C'est le télescope spatial le plus évolué jamais réalisé en Europe: dans une semaine, GAIA doit être lancé depuis la Guyane, avec la mission de réaliser un catalogue 3D du ciel, en localisant avec une précision inégalée un milliard d'étoiles de la Voie lactée.
Construit à ToulouseConstruit à Toulouse par Astrium, pour le compte de l'Agence spatiale européenne (ESA), GAIA sera "cent fois plus précis" que son prédécesseur Hipparcos, et observera "10.000 fois plus d'étoiles", a précisé mercredi Frédéric Arenou (Observatoire de Paris), responsable de la validation des données GAIA.
Lancé en 1989, Hipparcos avait fourni les coordonnées célestes de quelque 120.000 étoiles, avec une précision déjà 10 à 100 fois plus grande que les catalogues précédents, établis à l'aide d'instruments au sol.
Avec GAIA et ses deux télescopes en carbure de silicium, chacun constitué de trois miroirs incurvés et rectangulaires, les arpenteurs de l'espace accèdent à une autre dimension. Le satellite pourra "voir" des objets dont la brillance est 400.000 fois plus faible que ceux visibles à l'oeil nu. Les étoiles les plus brillantes seront localisées avec une précision comparable à la capacité d'observer un cheveu humain à une distance de 1.000 km.
Vers un atlas du ciel
Les distances dans l'espace sont considérables, d'où la difficulté à les mesurer.
Mais lorsqu'on connaît la distance d'une étoile, on peut déterminer ses principales caractéristiques, sa luminosité réelle, son âge, sa masse, sa température...
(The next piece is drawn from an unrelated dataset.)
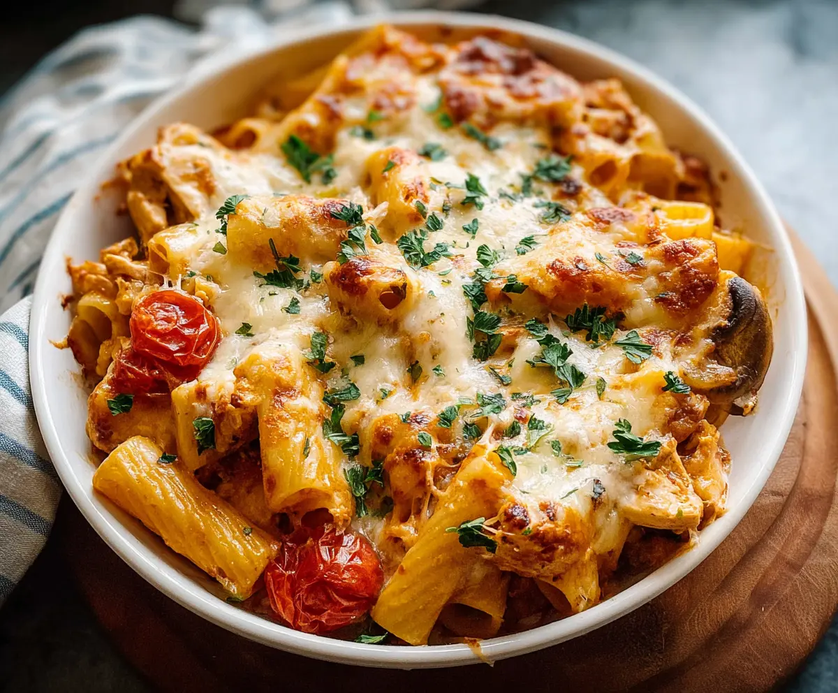 This Chicken Rigatoni Pasta Bake is a warm and comforting dish. It’s packed with tender chicken, cheesy goodness, and a rich tomato sauce that will make your taste buds dance!

GAIA permettra de réaliser une cartographie tridimensionnelle de la Voix lactée, un atlas du ciel, mais aussi de reconstituer l'histoire de la formation de notre
galaxie, a fait valoir Frédéric Arenou.
L'ère du Big Data
"Dans moins de deux ans, on aura un premier catalogue de tout le ciel", a souligné de son côté François Mignard (Observatoire de la Côte d'Azur), responsable de la participation française à GAIA.
Si tout se passe comme prévu, GAIA sera lancé jeudi 19 décembre au matin par une fusée Soyouz, depuis Kourou, en Guyane.
Pendant cinq années, il traquera les étoiles depuis une orbite autour du Soleil, à une distance de 1,5 million de kilomètres de la Terre. Chaque étoile sera observée environ 70 fois.
Le satellite sera positionné sur un emplacement privilégié -le point de Lagrange 2- qui suit le mouvement de la Terre dans son déplacement autour du Soleil.
Outre la chasse aux étoiles, GAIA, grâce à la précision des ses instruments, pourra observer des planètes extrasolaires. "On espère détecter plusieurs milliers d'exoplanètes", a indiqué Frédéric Arenou.
Dans son viseur également, des dizaines de milliers d'astéroïdes.
"Il va y avoir un véritable déluge de données", a prévenu Jean-Yves Le Gall, président du CNES, l'agence spatiale française, qui va assurer le traitement des données scientifiques.
"On est entré dans le monde du Big Data", a renchéri Véronique Valette, chef de projet GAIA au CNES.
Un péta-octet de données
GAIA va représenter plus d'un péta-octet de données à gérer, soit un million de milliards d'octets, c'est-à-dire la capacité de 250.000 DVD, ou encore l'équivalent de 2.000 ans de musique en écoute continue, a-t-elle précisé.
"Si on mettait une seconde à traiter une étoile, il faudrait 30 ans de calcul", a-t-elle ajouté.
Le centre de traitement des données du Centre spatial de Toulouse, un des six centres dédiés aux données GAIA en Europe, s'est doté d'une puissance
de calcul de 6.000 milliards d'opérations par seconde.
Pour préserver toute la précision des mesures de GAIA, le satellite sera surveillé en continu depuis le sol par un réseau de télescopes, de sorte qu'on connaîtra sa position à 100 mètres près.